Of Macintosh, Jobs’ biography had a couple entertaining anecdotes. Jobs let Bill Gates in on his plans for the Macintosh computer early. He codenamed the product that would eventually be Gates’ biggest PC competitor “Sand.” Jobs must have felt highly of the computer as the acronym stands for, “Steve’s amazing new device.”
His opinion of Gates was less amazing, however. “Bill is basically unimaginative and has never invented anything … He just shamelessly ripped off other people’s ideas.”
Once the Macintosh came into existence, famed artist Andy Warhol convinced Jobs to share one of its first iterations with Mick Jagger, lead singer of the Rolling Stones. Jobs agreed but upon arrival, Jagger didn’t know who he was.
“I think he was on drugs. Either that or he’s brain damaged,” said Jobs.
The New York Times on Jobs’ fight with cancer:
Steve Jobs’ battle with cancer began in 2003, and he was reluctant to turn to science for help. Instead — to the stress of his family and friends, particularly wife Laurene Powell — Jobs turned to herbal remedies and other exotic treatments.
“The big thing was that he really was not ready to open his body,” said Powell, who urged him toward chemotherapy according to the biography. She told Isaacson of Jobs’ decision, “The body exists to serve the spirit.”
When he finally turned toward science, Jobs put in his all. In fact, he had a $100,000 procedure to test the DNA sequence of his tumor and the sequence of his normal DNA to concoct personalized medications for his condition.
His biography says Jobs predicted he would be the first “to outrun a cancer like this” or the last “to die from it.”
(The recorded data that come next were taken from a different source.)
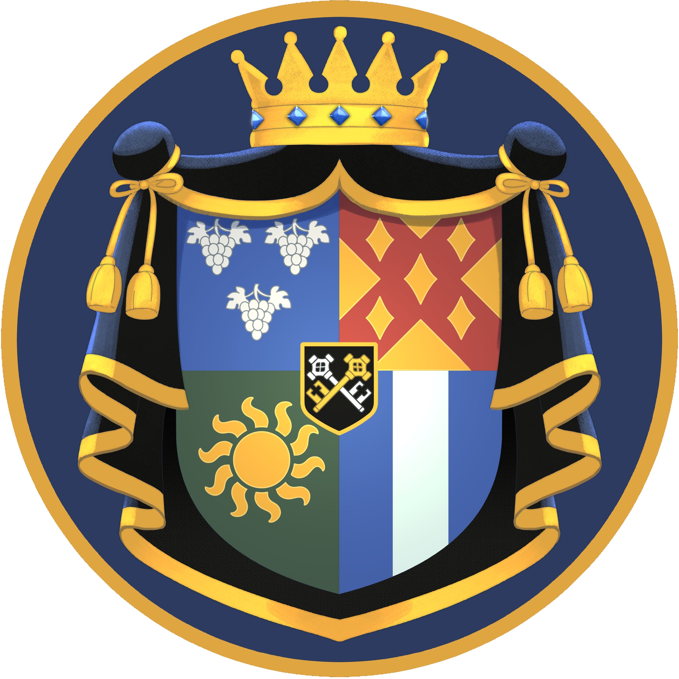 Royal Coat of Arms: The symbol of House Hathelus is a shield divided into four quadrants, representing the arms of Vinaria, Almoria, Panethria, and Galway, with the coat of arms of Domenica superimposed in the middle. (Crutiera is a lesser principality which is technically under the Kingdom of Panethria and nobody wants to spend the money to redesign the shield.)
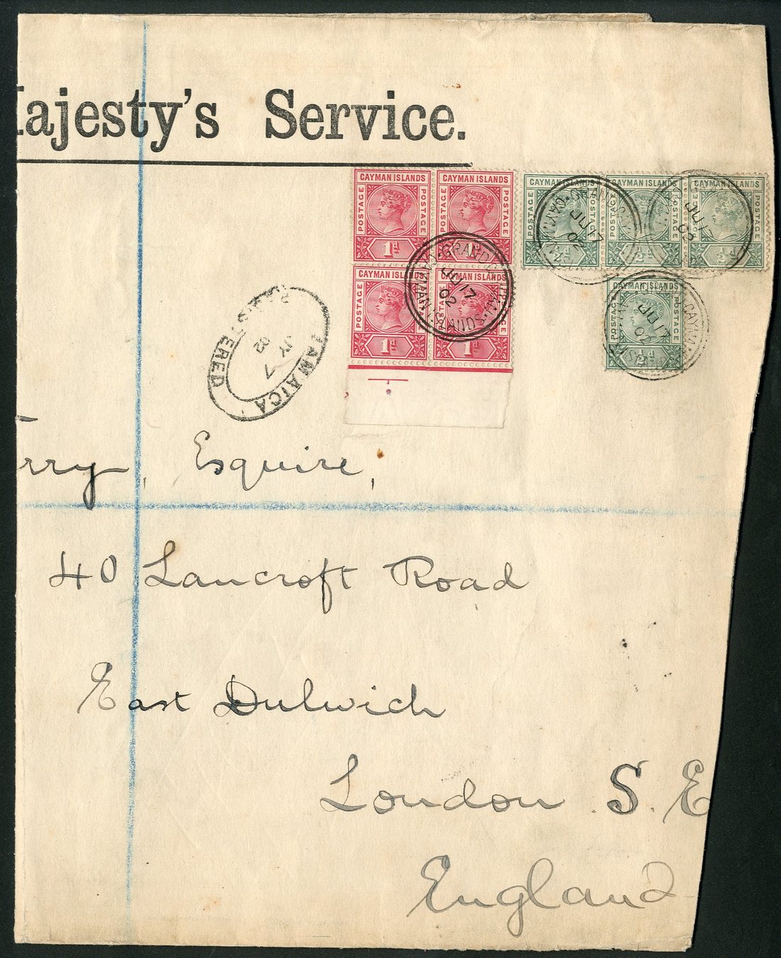 1902 (17 June) OHMS envelope (345x230mm; showing "er" of "Her" deleted and manuscript "is" written above) registered to London, bearing 1900 ½d. strip of three and single plus 1d. marginal block of four, all cancelled by "grand cayman/cayman islands" double-ring d.s., showing "R" in oval, Jamaica Registered transit d.s. (7.7) with arrival d.s. (23.7) on reverse; the envelope (Arms of Jamaica on flap) slightly truncated at right, folded and with some other lesser faults. A spectacular usage. Photo
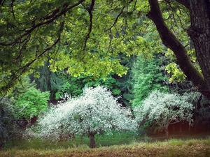 house, trees, Icecream, viewes, lake, snow, winter, birch
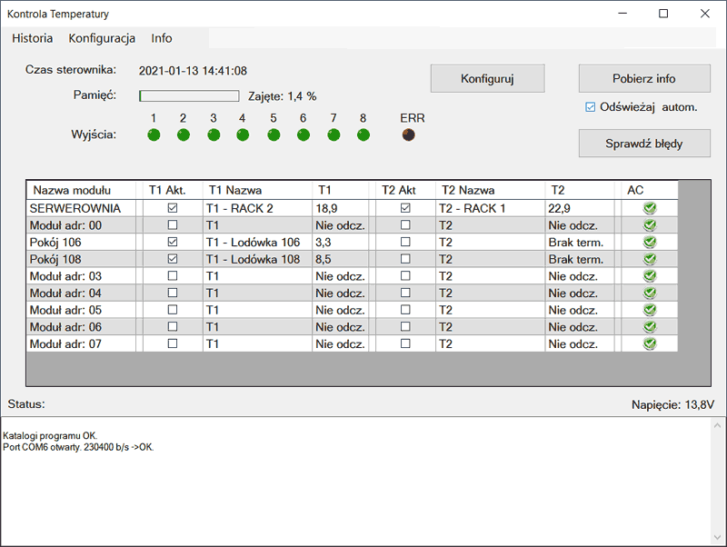 Po skonfigurowaniu i ustawieniu danych system zaczyna pracować. Użytkownik na ekranie głównym może oglądać stan bieżący wartości w sterowniku. Pobranie danych następuje po kliknięciu w przycisk Pobierz info lub zaznaczenie Pobieraj automatycznie (druga opcja odświeża dane automatycznie co ok. 1,5s.). Automatyczne pobieranie może być wstrzymywane podczas np przesyłania konfiguracji czy pobierania historii zdarzeń.

The Huffington Post on Jobs and Obama:
As many know, Steve wasn’t only a technology pioneer, but also a design and marketing impresario. His eye for simplicity and minimalism were what many credit with the success of Apple’s user-friendly products. Steve Jobs also offered his creative eye to another leader: the President of the United States Barack Obama. The offer was to design Obama’s 2012 political ads, even through he heavily criticized the administration.
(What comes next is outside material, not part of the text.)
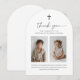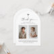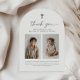 Tacka era gäster för att de kom till era barns gemensamma dop med denna design, med 2 av dina egna foton med ett vackert typsnitt duo och ett arkformat kort.
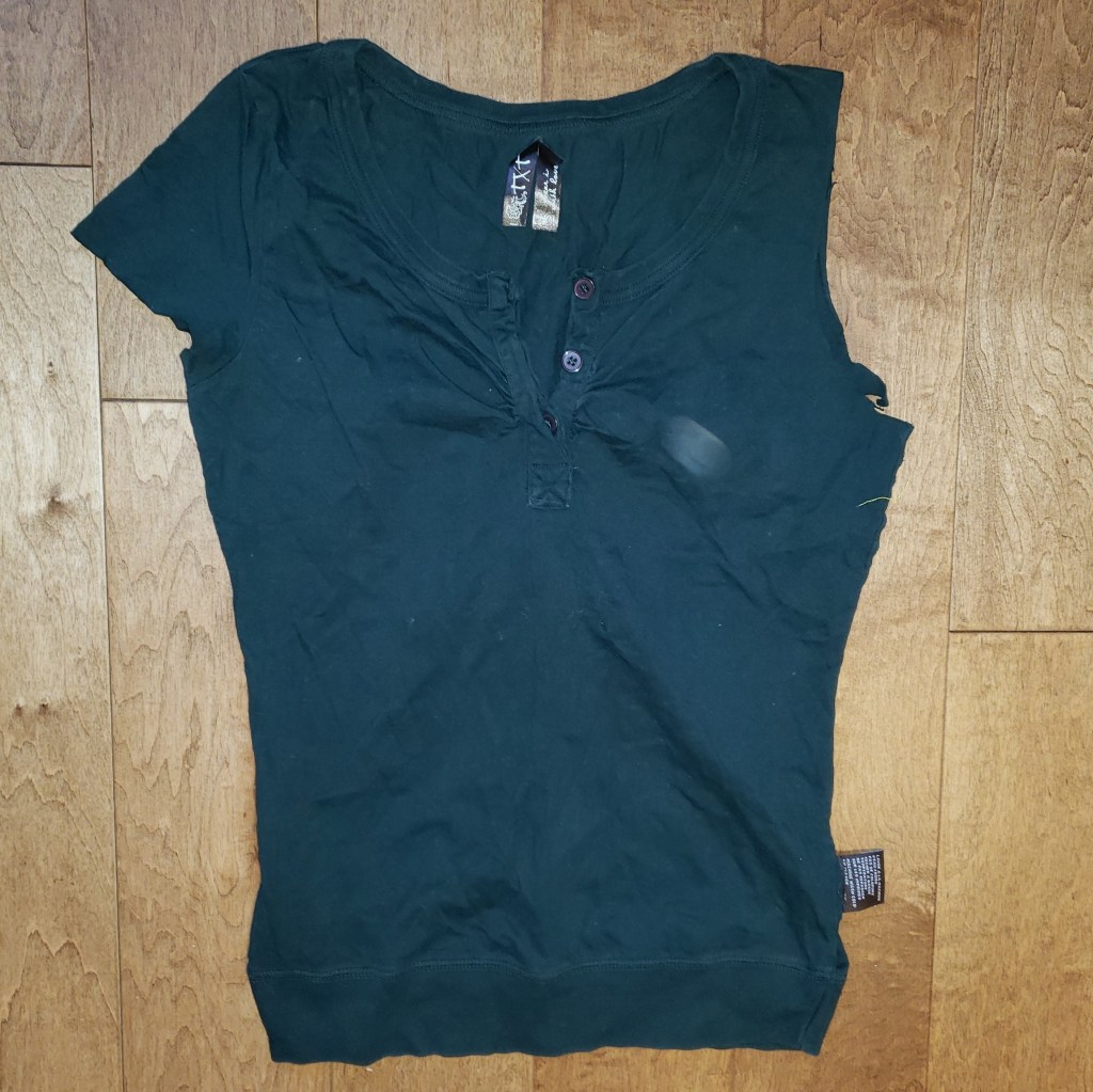 D’une part, on peut acheter un nouveau t-shirt pour ridiculement peu cher et donc pourquoi les réparer ? Oui certes on pourrait dire que « ça ne vaut pas la peine ». D’autre part c’est vraiment dommage pour le reste du tissu qui est en très bon état (et pour mon précieux que je devrai gaspiller à magasiner!)

“He had made the same offer in 2008, but he’d become annoyed when Obama’s strategist David Axelrod wasn’t totally deferential,” Isaacson wrote.
“You’re headed for a one-term presidency,” Jobs told Obama when he met him in 2010. Jobs only met with Obama last minute when the president was on a West Coast visit. He met the president at the San Francisco Airport after waiting five days for a personal invitation he never received.
CBS News on Jobs and his father:
On 60 Minutes this coming Sunday, Walter Isaacson talks about Steve Jobs and his relationship with his father. Jobs was given up for adoption as a baby. He later met his sister, novelist Mona Simpson. After finding Simpson, Jobs enlisted her to help him locate his birth father. The man he eventually found was named Abdulfattah “John” Jandali, a man Jobs met without ever knowing the two were related.
Isaacson writes Jandali ran a restaurant in Silicon Valley that Jobs had undoubtedly patronized. “‘Everybody used to come there,'” Jandali told Simpson before he ever knew Jobs was his son. “‘Even Steve Jobs used to eat there. Yeah, he was a great tipper.'”
Simpson refrained from telling Jandali and instead told Jobs where he could find his father. Jobs never reached out to the man.
“When I was looking for my biological mother, obviously, you know, I was looking for my biological father at the same time, and I learned a little bit about him and I didn’t like what I learned. I asked her to not tell him that we ever met … not tell him anything about me,” Jobs says in a video-taped interview with Isaacson.